To use the example of the blindfold, would you seriously ask every new DM what they think "about a week" is, or only ask if you plan on wearing one? Or don't ask at all because that particular ambiguity doesn't actually matter in a way that warrants it being laid out beforehand (especially since the whole point of that particular ambiguity is to encourage GMs to vary it based on the situation AT THE TIME, not just decide ahead of time what about a week means once and for all).

I guess the point I'm trying to come about is, you act like every single instance of ambiguity is another thing you have to clear up with each new DM, when a lot of ambiguities either don't matter enough to warrant asking about ahead of time or only matter if you are playing a specific kind of character. That cuts down on the things you have to ask about big time.

And I still understand that it can be an inconvenience for players who float around but please understand it's also a great boon for encouraging GMs to take a bit of wiggle room to make things seem more alive where we might not otherwise think to.

Like, if the blindfold had immunity in exactly a week, I wouldn't think to vary the time by the bravery or familiarity of characters, and a bit of potential roleplay value and detail would be lost.

Similar matter with the slightly malleable duration of spells (1 minute spells being one fight unless another is immediately after, 10 minute spells lasting through at least a couple fights unless you rest or go a ways between). Having that mentioned in the rules makes me realize I can tell my one really technical player he can stop trying to track how many rounds his buffs have been active (it kinda gives a robotic feeling to the fights and magic in general) and takes some pressure off of me in trying to figure exactly how long it is between two fights.


Steve Geddes wrote:
That makes sense. Would you object to something crystal clear but wide-ranging: "a duration left to the DM's discretion"? Something which is clearly specifying that it's a matter of DM whim?

My preference would be an exact time with a disclaimer.
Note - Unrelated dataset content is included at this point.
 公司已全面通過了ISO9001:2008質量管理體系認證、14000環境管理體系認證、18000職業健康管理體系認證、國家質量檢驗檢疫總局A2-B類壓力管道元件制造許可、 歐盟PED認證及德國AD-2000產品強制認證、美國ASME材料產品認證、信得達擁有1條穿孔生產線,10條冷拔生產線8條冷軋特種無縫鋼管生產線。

Like 'allies become immune in a week, though this can vary at the DM's discretion.' Barring that, I'd rather have a guideline like 'about a week' over total DM whim.

Steve Geddes wrote:
For me it conveys the flavor. It's a little like the way I also prefer spell ranges in feet over squares. It doesn't make a jot of difference in that case - but I much prefer my rules to feel like they're being framed "in world".

For me it seems jarring as everything else is precise. If, for example, every 24 hour duration was 'around 24 hours' it would feel more organic.

Ruzza wrote:
The Raven Black wrote:

Immune for about a day

And usable about once every minute

How are those worse than "about a week" ?
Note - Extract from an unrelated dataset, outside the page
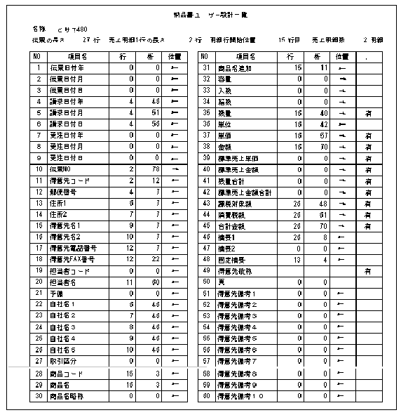 「→」右端の位置指定...伝票No.や、数量、金額等、数値項目は、右詰で印刷されますから、右端の位置を指定します。

Because as the core item mechanic, you're not interacting with it on a week to week basis in the same way you're interacting with it in a round to round basis.

What about the very exact 24 hours for immunity? That seems like you're interacting with it more like a week than you are a round... No 'around 24 hours'. IMO it's 'around' a week as it's a debuff targeting the party: if it was vs an enemy it most likely would have an exact time.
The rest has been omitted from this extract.